Посидишь пять лет, выйдешь, и вина твоя будет искуплена. (Останавливается.) Искуплена. Искуплена.
Гриша. Искуплена.
Порфирий. А остальные так и будут жить с этим. Козлы.
Пауза.
Гриша. Я согласен, Порфирий.
Эпилог
Никита и Порфирий.
Никита. Дяде Грише дали семь лет и меньше чем через пять выпустили… Он получил государственную квартиру, не пьет, бреется каждый день и провожает из школы Марьиванну, учительницу…
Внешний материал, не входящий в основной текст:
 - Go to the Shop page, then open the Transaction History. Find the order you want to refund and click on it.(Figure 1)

Порфирий. Марию Хуановну, Никитушка, преподавателя уругвайского языка.
Никита. Дядя Костя теперь изготавливает омолаживающий табак.
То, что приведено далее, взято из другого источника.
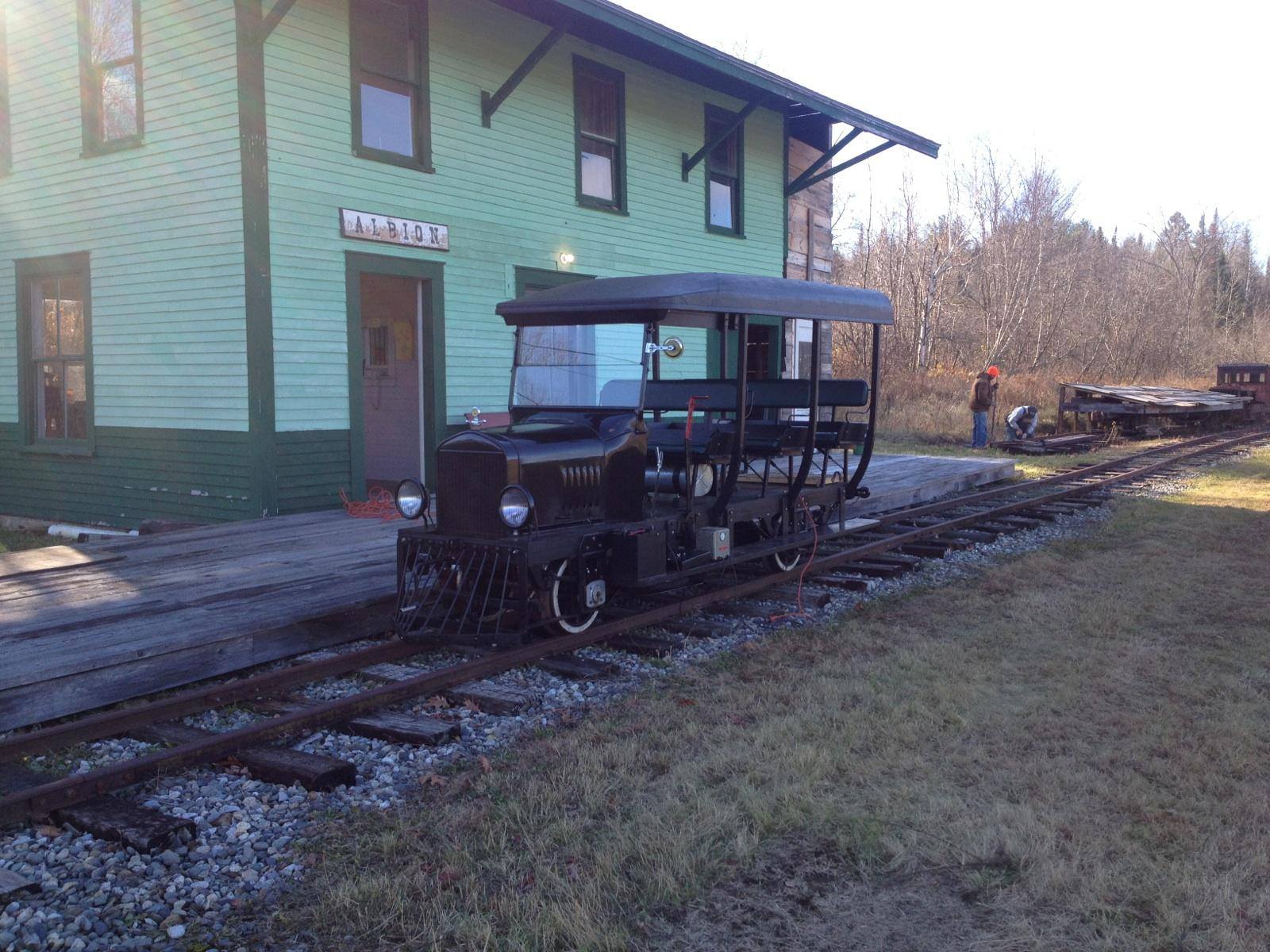 WW&F Model T railcar No. 4 at the Albion, ME, WW&F station during Albion Day in November 2013.  Stewart Rhine photo.

Порфирий. То-то, смотрю, он помолодел…
Никита. А доктор мой?
Порфирий. Доктор Шпиллер поехала на стажировку, да так и обосновалась во Франции.
Никита. А про козлов про тех – про Губошлепа, Лифчика, Князя – мы больше не слышали.
Порфирий. Пошли к черту!
Никита. Да. Пошли они к черту, козлы!
конец
сентябрь 2010 г.
101-й километр
очерки из провинциальной жизни
В родном краю
Уже полтора года я работаю врачом в небольшом городе N., районном центре одной из прилежащих к Москве областей. Пора подытожить свои впечатления.
Первое и самое ужасное: у больных, да и у многих врачей, сильнее всего выражены два чувства – страх смерти и нелюбовь к жизни. Обдумывать будущее не хотят: пусть все остается по-старому. Не жизнь, а доживание. По праздникам веселятся, пьют и поют, но если заглянуть им в глаза, то никакого веселья вы там не найдете. Критический аортальный стеноз, надо делать операцию или не надо лежать в больнице. – Что же мне – умирать? – Да, получается, что умирать. Нет, умирать не хочет, но и ехать в областной центр, добиваться, суетиться тоже. – Мне уже пятьдесят пять, я уже пожил (пожила). – Чего же вы хотите? – Инвалидности: на группу хочу. В возможность здоровья не верит, пусть будут лекарства бесплатные. – Доктор, я до пенсии хоть доживу? (Не доживают до пенсии неудачники, а дожил – жизнь состоялась.)